WHAT NEEDS TO BE DONE: Every line in the material below that includes "dryness" should be copied.

*** Opening RECORDS FOR THIS EXERCISE ***

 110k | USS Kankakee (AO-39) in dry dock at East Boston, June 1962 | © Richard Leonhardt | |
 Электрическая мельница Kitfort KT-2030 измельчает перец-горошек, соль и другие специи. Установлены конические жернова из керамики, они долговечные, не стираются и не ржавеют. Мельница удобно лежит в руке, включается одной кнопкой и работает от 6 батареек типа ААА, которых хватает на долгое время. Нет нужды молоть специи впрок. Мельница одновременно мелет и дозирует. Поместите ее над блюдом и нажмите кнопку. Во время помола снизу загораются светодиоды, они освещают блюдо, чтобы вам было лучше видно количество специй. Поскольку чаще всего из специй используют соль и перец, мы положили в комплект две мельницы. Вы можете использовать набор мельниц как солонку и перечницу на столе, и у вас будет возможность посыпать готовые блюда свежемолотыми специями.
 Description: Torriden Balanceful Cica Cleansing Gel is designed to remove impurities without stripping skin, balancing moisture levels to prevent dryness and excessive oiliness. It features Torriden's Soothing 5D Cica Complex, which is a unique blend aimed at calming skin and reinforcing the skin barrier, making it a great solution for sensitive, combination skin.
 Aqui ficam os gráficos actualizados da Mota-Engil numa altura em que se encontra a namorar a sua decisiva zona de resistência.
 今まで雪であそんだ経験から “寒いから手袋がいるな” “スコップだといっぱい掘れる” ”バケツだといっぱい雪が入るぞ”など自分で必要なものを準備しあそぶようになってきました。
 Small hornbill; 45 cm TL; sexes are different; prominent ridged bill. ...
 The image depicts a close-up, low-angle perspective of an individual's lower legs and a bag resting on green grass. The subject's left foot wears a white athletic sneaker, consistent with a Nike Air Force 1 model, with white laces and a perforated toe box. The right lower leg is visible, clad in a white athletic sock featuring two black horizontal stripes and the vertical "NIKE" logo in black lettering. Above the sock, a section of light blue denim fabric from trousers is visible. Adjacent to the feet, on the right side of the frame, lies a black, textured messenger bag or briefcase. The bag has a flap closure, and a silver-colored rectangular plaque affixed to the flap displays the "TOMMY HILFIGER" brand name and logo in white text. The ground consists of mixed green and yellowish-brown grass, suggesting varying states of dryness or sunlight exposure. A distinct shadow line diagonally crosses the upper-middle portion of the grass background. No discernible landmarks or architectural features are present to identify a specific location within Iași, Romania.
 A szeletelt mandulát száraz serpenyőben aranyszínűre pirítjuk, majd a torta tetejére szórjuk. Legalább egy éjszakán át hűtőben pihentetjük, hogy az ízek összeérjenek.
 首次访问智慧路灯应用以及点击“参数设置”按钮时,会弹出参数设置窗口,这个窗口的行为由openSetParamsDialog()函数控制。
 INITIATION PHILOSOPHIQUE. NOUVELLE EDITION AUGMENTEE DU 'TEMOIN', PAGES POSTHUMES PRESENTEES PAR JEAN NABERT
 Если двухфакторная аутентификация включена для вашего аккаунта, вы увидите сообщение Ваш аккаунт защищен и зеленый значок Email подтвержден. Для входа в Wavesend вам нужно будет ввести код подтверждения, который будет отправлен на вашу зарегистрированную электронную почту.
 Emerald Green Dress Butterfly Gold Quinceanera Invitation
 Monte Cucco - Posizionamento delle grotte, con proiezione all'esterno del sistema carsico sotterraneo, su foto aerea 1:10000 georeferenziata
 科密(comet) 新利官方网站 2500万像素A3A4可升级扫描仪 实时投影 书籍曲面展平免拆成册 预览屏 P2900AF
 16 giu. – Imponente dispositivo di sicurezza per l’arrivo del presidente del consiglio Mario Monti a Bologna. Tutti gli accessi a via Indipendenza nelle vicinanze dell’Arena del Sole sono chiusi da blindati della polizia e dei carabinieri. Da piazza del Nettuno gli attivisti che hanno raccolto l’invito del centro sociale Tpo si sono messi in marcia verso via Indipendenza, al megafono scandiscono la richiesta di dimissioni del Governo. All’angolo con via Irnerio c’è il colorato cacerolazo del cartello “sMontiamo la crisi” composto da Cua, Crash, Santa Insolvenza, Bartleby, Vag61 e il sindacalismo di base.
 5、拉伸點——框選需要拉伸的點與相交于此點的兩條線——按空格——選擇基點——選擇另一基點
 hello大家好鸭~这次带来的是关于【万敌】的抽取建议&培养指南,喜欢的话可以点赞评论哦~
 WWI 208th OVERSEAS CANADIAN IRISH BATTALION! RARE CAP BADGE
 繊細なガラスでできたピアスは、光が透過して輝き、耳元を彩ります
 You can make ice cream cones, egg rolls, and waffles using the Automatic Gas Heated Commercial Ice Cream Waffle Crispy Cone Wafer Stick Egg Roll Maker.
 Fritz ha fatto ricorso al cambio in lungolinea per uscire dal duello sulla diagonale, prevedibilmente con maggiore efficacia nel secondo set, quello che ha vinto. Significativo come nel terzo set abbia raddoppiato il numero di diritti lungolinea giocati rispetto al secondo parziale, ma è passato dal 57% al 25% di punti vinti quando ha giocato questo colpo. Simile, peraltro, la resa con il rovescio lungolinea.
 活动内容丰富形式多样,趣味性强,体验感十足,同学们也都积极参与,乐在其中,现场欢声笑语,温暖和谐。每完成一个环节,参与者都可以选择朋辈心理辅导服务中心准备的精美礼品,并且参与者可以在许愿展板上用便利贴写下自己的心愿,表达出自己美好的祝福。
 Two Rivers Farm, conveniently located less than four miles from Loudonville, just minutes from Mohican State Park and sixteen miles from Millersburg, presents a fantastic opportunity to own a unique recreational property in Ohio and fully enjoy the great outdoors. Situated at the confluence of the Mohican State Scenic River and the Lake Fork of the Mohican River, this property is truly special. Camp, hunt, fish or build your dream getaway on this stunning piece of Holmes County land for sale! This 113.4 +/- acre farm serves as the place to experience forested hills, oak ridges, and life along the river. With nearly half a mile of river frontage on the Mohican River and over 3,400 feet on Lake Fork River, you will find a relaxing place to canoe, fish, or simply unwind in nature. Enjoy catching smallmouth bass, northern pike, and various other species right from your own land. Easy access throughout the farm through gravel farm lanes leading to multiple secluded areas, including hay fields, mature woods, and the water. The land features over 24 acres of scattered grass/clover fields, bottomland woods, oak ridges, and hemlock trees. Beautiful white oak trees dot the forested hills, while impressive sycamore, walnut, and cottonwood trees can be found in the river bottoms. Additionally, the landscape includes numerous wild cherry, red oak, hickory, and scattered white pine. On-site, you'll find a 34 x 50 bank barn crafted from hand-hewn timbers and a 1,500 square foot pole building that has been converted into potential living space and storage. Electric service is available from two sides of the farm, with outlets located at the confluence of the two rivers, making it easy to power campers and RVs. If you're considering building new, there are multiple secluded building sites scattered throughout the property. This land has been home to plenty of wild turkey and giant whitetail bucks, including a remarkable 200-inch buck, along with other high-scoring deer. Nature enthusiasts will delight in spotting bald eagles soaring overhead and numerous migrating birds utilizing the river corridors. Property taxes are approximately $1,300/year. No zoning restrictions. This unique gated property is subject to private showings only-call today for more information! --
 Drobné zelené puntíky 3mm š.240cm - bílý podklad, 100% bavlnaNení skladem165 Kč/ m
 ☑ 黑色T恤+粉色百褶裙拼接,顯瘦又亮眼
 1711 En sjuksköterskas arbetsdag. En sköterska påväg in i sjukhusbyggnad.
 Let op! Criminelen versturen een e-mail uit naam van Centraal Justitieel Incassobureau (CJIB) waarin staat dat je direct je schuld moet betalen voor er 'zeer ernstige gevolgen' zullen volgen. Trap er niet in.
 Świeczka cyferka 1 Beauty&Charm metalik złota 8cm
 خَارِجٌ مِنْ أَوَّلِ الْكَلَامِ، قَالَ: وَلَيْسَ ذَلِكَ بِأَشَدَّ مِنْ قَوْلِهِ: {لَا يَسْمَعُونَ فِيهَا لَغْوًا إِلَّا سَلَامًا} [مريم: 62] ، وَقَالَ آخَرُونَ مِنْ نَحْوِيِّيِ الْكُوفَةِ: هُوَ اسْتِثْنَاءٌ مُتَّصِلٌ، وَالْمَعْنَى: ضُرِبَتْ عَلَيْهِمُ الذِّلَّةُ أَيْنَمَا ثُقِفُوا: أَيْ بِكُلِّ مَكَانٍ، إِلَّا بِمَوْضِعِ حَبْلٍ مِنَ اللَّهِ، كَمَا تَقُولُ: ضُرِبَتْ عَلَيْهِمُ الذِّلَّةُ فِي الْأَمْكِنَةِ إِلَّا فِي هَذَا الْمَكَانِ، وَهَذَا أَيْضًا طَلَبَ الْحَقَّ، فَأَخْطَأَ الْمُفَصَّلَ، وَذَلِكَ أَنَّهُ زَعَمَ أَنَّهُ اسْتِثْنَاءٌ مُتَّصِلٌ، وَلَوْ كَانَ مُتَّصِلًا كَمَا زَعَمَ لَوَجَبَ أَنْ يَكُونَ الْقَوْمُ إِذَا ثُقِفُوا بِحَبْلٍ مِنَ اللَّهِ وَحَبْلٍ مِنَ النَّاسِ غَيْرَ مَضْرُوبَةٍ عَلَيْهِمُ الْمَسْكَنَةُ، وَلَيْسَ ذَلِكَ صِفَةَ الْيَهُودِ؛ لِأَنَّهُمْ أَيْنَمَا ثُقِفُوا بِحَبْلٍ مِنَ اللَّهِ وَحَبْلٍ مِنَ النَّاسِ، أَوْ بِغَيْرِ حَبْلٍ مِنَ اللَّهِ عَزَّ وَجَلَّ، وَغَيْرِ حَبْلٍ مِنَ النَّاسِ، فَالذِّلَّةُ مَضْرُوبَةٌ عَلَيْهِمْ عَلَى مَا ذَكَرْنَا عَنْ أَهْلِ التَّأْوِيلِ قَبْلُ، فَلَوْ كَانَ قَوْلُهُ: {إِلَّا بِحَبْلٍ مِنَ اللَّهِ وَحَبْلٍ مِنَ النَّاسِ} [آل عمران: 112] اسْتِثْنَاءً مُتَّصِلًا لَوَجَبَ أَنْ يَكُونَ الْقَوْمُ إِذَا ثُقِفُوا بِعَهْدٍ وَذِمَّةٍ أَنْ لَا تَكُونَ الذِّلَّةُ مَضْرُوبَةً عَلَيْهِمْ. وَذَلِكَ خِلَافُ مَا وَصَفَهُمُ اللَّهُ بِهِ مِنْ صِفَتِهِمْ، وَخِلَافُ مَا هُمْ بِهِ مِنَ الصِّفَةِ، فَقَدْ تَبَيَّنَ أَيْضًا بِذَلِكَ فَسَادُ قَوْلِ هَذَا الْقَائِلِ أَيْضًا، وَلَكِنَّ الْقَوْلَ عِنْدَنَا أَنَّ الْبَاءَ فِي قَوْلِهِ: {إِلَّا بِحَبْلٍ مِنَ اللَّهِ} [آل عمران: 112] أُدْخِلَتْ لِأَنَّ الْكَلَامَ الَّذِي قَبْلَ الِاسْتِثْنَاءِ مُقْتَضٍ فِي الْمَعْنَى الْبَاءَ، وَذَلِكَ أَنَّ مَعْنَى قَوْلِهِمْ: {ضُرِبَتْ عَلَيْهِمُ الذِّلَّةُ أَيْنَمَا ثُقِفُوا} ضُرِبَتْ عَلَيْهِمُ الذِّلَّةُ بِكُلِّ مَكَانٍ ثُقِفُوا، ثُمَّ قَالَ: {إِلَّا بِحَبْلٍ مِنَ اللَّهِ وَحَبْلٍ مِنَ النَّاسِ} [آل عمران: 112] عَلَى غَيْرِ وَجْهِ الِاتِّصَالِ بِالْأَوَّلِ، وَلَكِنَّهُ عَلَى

*** Closing RECORDS FOR THIS EXERCISE ***

SOLUTION FOR THIS TASK:
 Description: Torriden Balanceful Cica Cleansing Gel is designed to remove impurities without stripping skin, balancing moisture levels to prevent dryness and excessive oiliness. It features Torriden's Soothing 5D Cica Complex, which is a unique blend aimed at calming skin and reinforcing the skin barrier, making it a great solution for sensitive, combination skin.
 The image depicts a close-up, low-angle perspective of an individual's lower legs and a bag resting on green grass. The subject's left foot wears a white athletic sneaker, consistent with a Nike Air Force 1 model, with white laces and a perforated toe box. The right lower leg is visible, clad in a white athletic sock featuring two black horizontal stripes and the vertical "NIKE" logo in black lettering. Above the sock, a section of light blue denim fabric from trousers is visible. Adjacent to the feet, on the right side of the frame, lies a black, textured messenger bag or briefcase. The bag has a flap closure, and a silver-colored rectangular plaque affixed to the flap displays the "TOMMY HILFIGER" brand name and logo in white text. The ground consists of mixed green and yellowish-brown grass, suggesting varying states of dryness or sunlight exposure. A distinct shadow line diagonally crosses the upper-middle portion of the grass background. No discernible landmarks or architectural features are present to identify a specific location within Iași, Romania.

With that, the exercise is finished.